(Brief): Pictures aside, every line of the listing should be given again exactly.

(Supplied information):
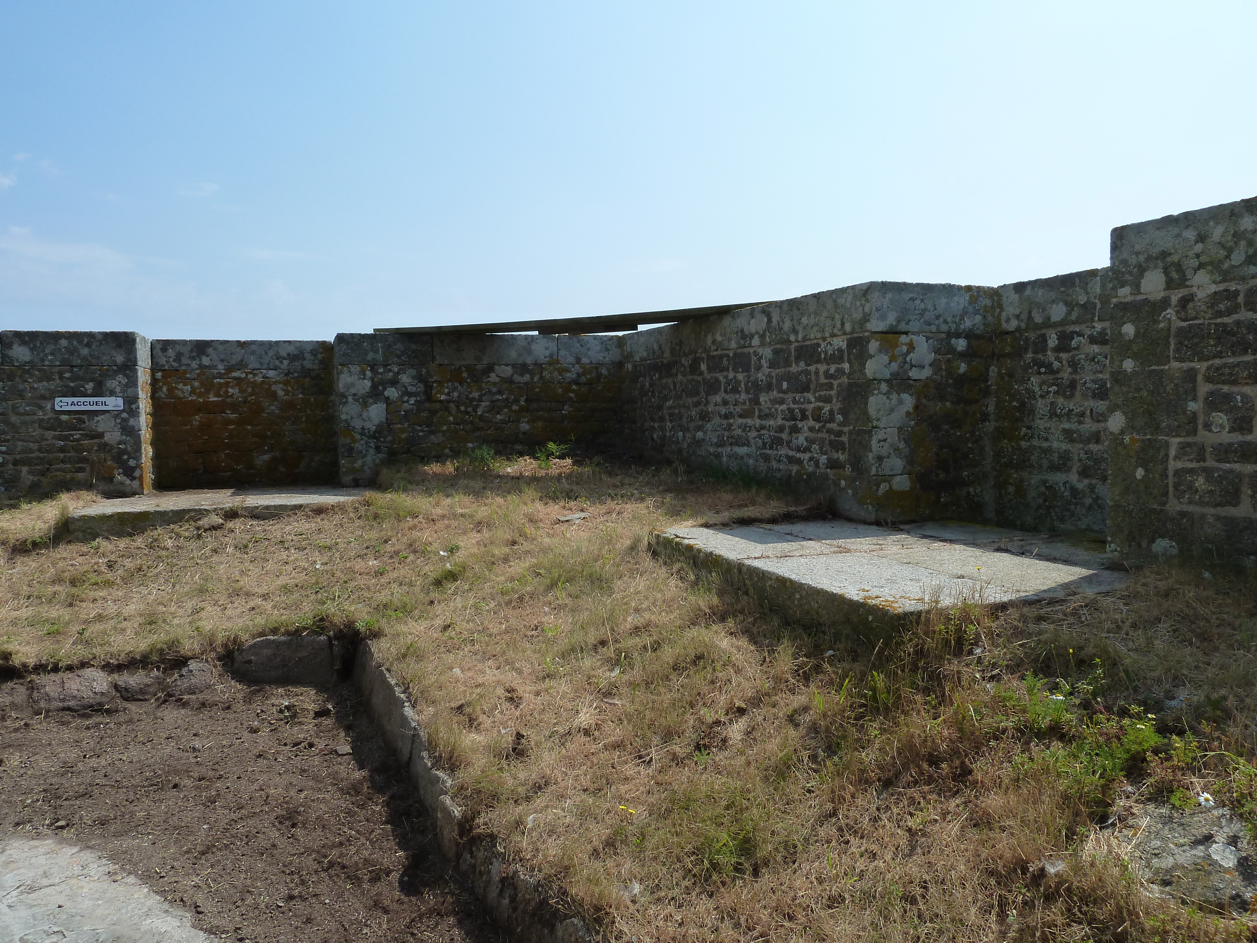Archipel de Glénan, batterie de Penfret, réduit, banquettes d'infanterie en terre et bretèches du parapet.Immatriculation
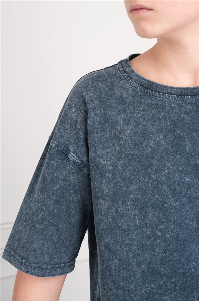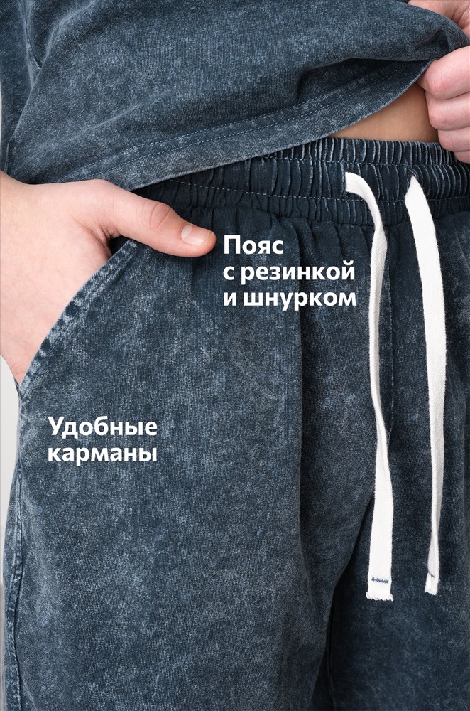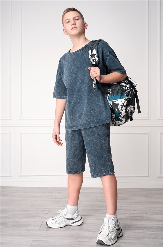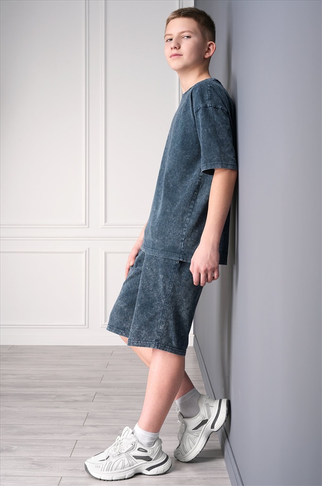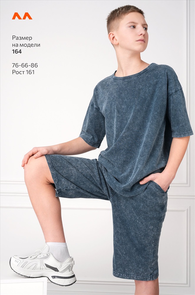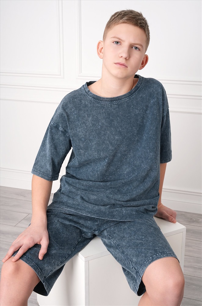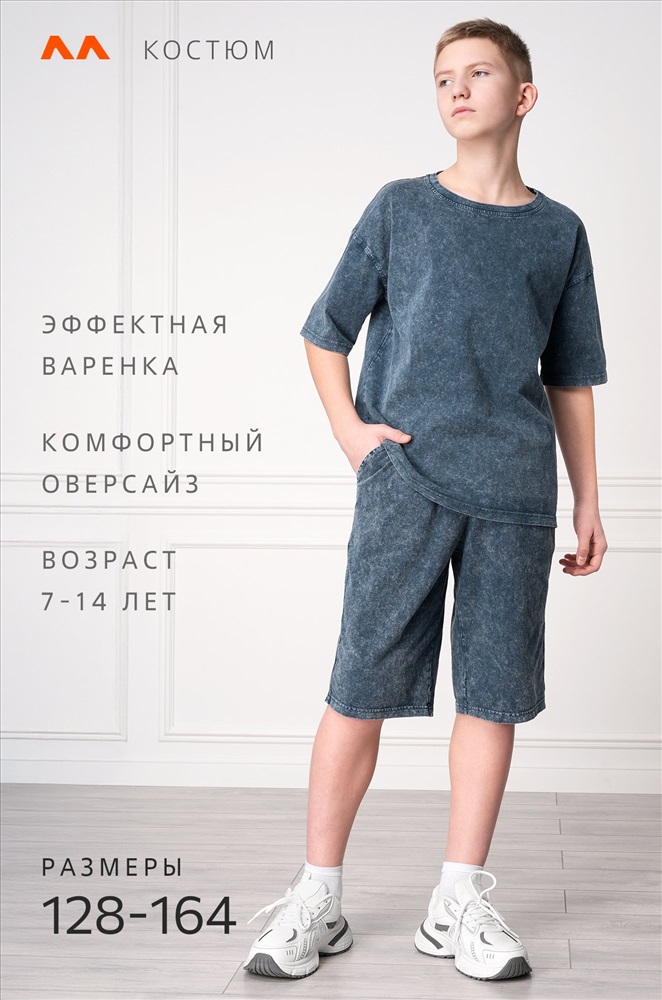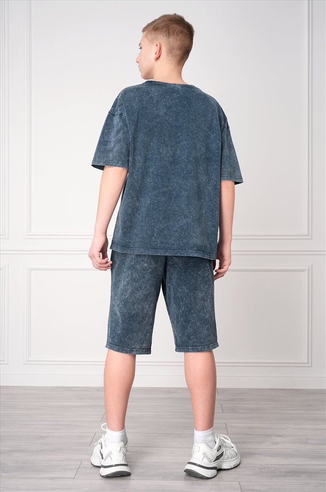 Летний костюм с шортами представлен в базовом оттенке индиго. Спортивный костюм для мальчика состоит из футболки оверсайз и удлинённых шорт. Вареный костюм для детей и подростков выполнен из 100% хлопка.
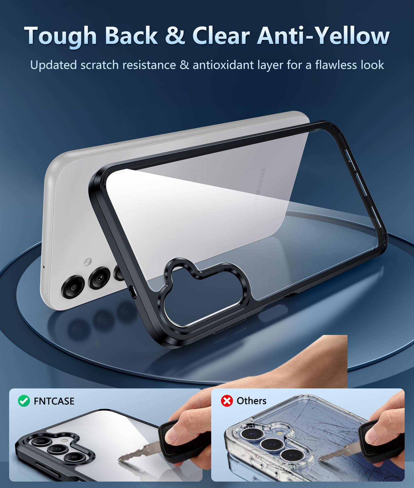 Crystal Clear & Never Yellow: Using high-grade Bayer's ultra-clear TPU and PC material, allowing you to admire the original sublime beauty for Samsung Galaxy A14 while won't get oily when used. The Nano antioxidant layer effectively resists stains and sweat

(Answer for the task):
Archipel de Glénan, batterie de Penfret, réduit, banquettes d'infanterie en terre et bretèches du parapet.Immatriculation
 Летний костюм с шортами представлен в базовом оттенке индиго. Спортивный костюм для мальчика состоит из футболки оверсайз и удлинённых шорт. Вареный костюм для детей и подростков выполнен из 100% хлопка.
 Crystal Clear & Never Yellow: Using high-grade Bayer's ultra-clear TPU and PC material, allowing you to admire the original sublime beauty for Samsung Galaxy A14 while won't get oily when used. The Nano antioxidant layer effectively resists stains and sweat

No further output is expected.